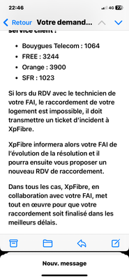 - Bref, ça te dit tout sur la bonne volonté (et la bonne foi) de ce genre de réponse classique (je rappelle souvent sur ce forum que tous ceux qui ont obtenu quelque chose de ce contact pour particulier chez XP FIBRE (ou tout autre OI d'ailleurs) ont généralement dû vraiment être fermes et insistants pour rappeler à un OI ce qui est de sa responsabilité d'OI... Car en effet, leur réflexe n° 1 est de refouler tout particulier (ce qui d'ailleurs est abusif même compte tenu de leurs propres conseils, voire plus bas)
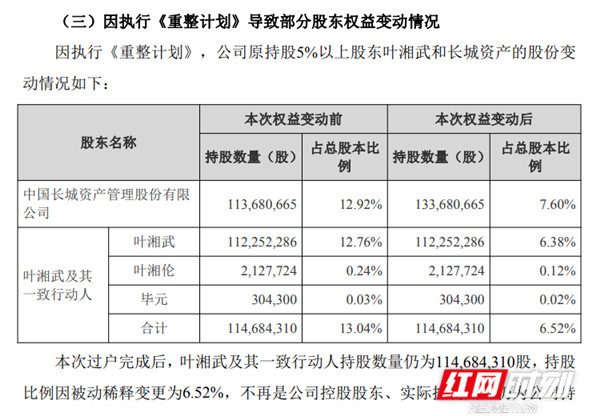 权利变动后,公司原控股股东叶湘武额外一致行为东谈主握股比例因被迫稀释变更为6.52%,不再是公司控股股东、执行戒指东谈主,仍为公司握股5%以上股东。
==
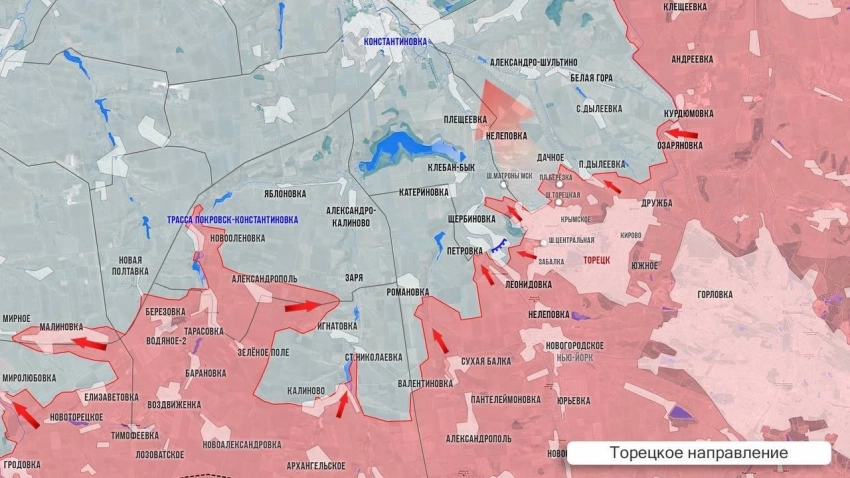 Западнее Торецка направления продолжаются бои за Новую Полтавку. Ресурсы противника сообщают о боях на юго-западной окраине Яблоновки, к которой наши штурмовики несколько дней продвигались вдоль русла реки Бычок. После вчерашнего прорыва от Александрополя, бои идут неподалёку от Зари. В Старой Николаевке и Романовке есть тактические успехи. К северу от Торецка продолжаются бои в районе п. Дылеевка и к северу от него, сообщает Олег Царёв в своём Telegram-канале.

• **EXERCISE INSTRUCTIONS**:
Give back exactly the lines above that run from the one with "- Bref, ça te" to the one with "权利变动后,公司原控股股东叶", including both, with the pictures left out.

• **WRITTEN SOLUTION**:
 - Bref, ça te dit tout sur la bonne volonté (et la bonne foi) de ce genre de réponse classique (je rappelle souvent sur ce forum que tous ceux qui ont obtenu quelque chose de ce contact pour particulier chez XP FIBRE (ou tout autre OI d'ailleurs) ont généralement dû vraiment être fermes et insistants pour rappeler à un OI ce qui est de sa responsabilité d'OI... Car en effet, leur réflexe n° 1 est de refouler tout particulier (ce qui d'ailleurs est abusif même compte tenu de leurs propres conseils, voire plus bas)
 权利变动后,公司原控股股东叶湘武额外一致行为东谈主握股比例因被迫稀释变更为6.52%,不再是公司控股股东、执行戒指东谈主,仍为公司握股5%以上股东。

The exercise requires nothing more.